The old blooms have been floating down with the breeze and the rain, the redbuds making a flurry of pink petals in the wind. The new blooms of late April and early May are making their debuts. In the woods, the mayapples have begun to blossom...
and the ferns are unfurling along the shady borders of my yard.
Iris and tulips are coming into their own.
O thou with dewy locks, who lookest down
Through the clear windows of the morning, turn
Thine angel eyes upon our western isle,
Which in full choir hails thy approach, O Spring!

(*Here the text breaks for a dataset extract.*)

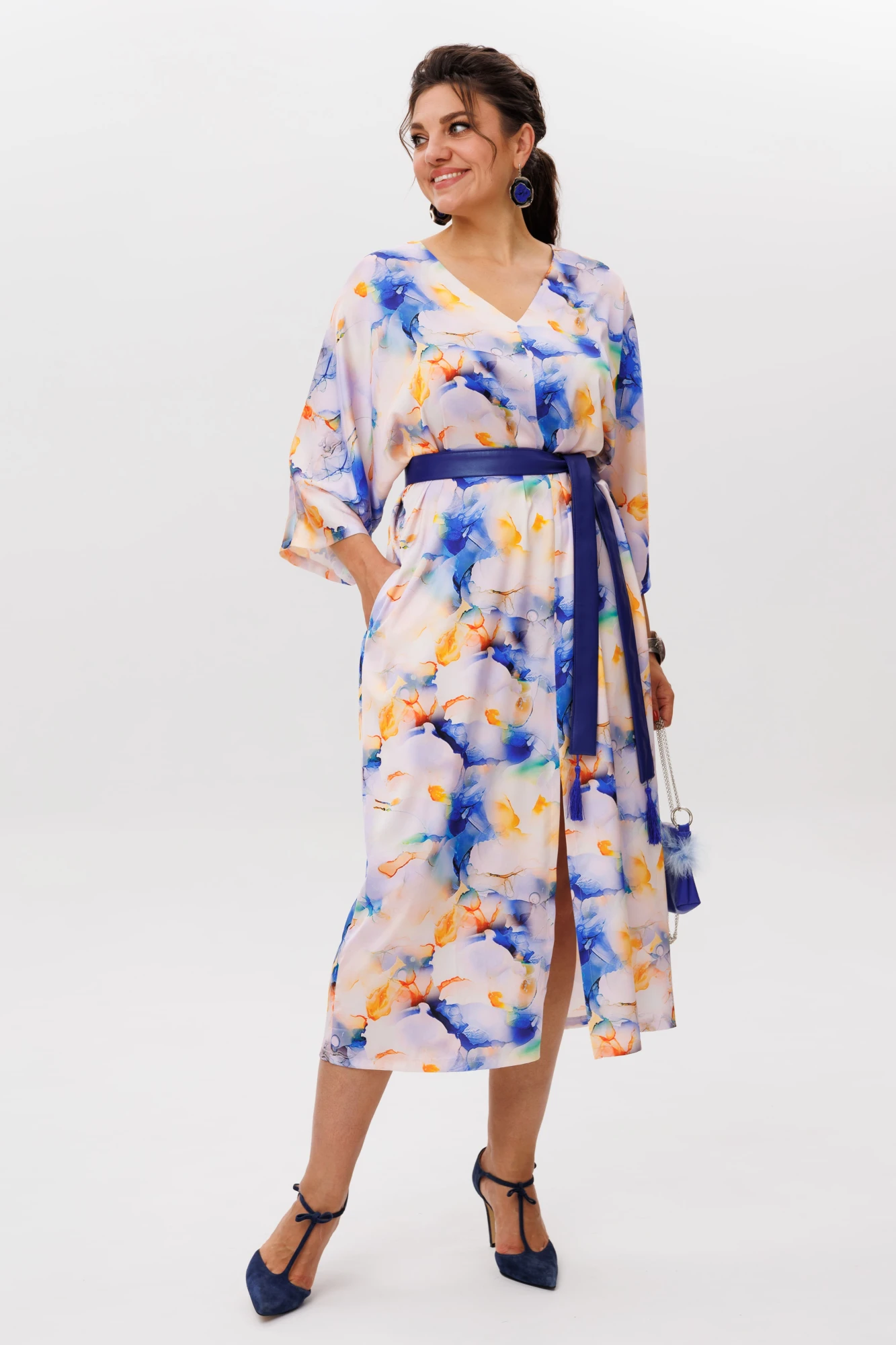 60, 62Глубокий V-образный вырез придает образу ноту изысканности, деликатно акцентируя благородные линии шеи и декольте. Передняя часть платья украшена выразительным средним швом, дополненным изящным разрезом, который придает наряду динамику и современное звучание.

The hills tell one another, and the listening
Valleys hear; all our longing eyes are turn’d
Up to thy bright pavilions: issue forth
And let thy holy feet visit our clime!
Come o’er the eastern hills, and let our winds
Kiss thy perfumèd garments; let us taste
Thy morn and evening breath; scatter thy pearls
Upon our lovesick land that mourns for thee.
O deck her forth with thy fair fingers; pour
Thy soft kisses on her bosom; and put
Thy golden crown upon her languish’d head,
Whose modest tresses are bound up for thee.